[thelist] yet another database/table relationship design question

Paul Cowan evolt at funkwit.com
Thu Oct 17 22:39:01 CDT 2002


the rudytron 9000 wrote:
> the foreign key sits in the "many" table, and points to the "one" table
>
> so it's not a foreign key from Product to Journal, rather, it's a foreign
> key from Journal to Product
>
> similarly, it's a foreign key from Ancillaries to Product

graaargh! I wish I had kept the first draft of that paragraph, before I
re-wrote it to make it clearer. I had it the other way around, I swear --
in fact, not the other way around, but worded differently, which was less
ambiguous (but poorly written, hence the re-write).

However, you're right, it is a common mistake, and one easily made -- I
have been pulled up on that one before. It does, perhaps, seem intuitive
to say "FROM parent TO child", rather than the other way around, which
might lead to these sorts of problems. My bad.


then, elsewhere, he wrote:
> the only thing you have left to learn to become an sql guru, is when
> to use a query, the raw child, when to use a view, the adolescent, and
> when to use a stored procedure, the lover, the mysterious, the
> all-powerful, the inescapable...

I'm printing this out. Fantastic. Stored procedures rule.

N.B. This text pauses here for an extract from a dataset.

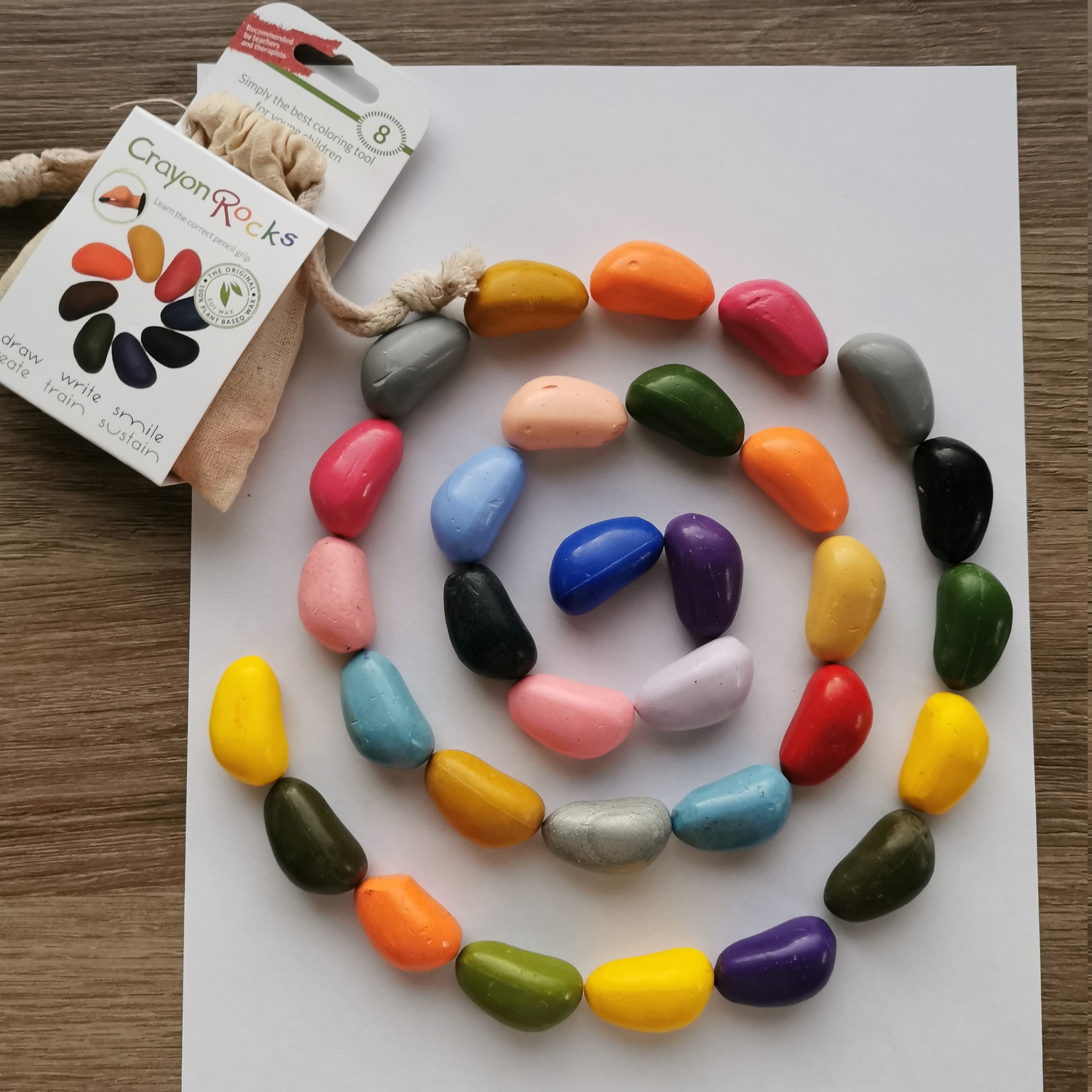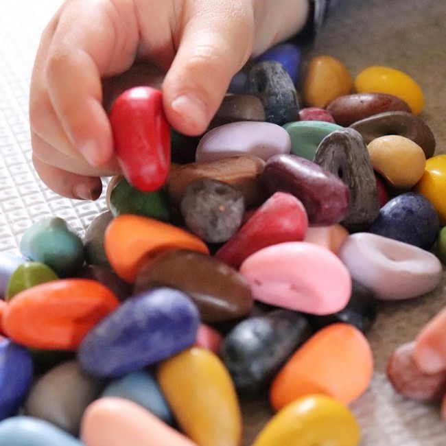 Crayon Rocks to doskanała alternatywa dla tradycyjnych kredek. Wyglądem i kształtem przypominają kamyki, co zmusza malucha do opowiedniego trzymania kredki. Dlatego też wykorzystywane są przez terapeutów. "Kamyki" są wykonane w 100% z wosku z soi, dzięki temu są całkowicie naturalne i bezpieczne dla środowiska.

Also, I heartily approve of your use of "an sql" rather than "a sql".
Truly wise are you in the ways of data.

I'm going OT, so:

<tip type="SQL Server" author="Paul Cowan">
Just because system stored procs start with sp_, doesn't mean you should
call yours that. In fact, DON'T. Ever.

Why? Apart from the fact that it makes it unclear which are system and
which are user, it's a performance hit. *Every single time* such a
proc is executed, you'll have an additional cache miss as SQL Server
tries to find the proc. This is a small performance hit, but who
wants ANY performance hit when they don't need one?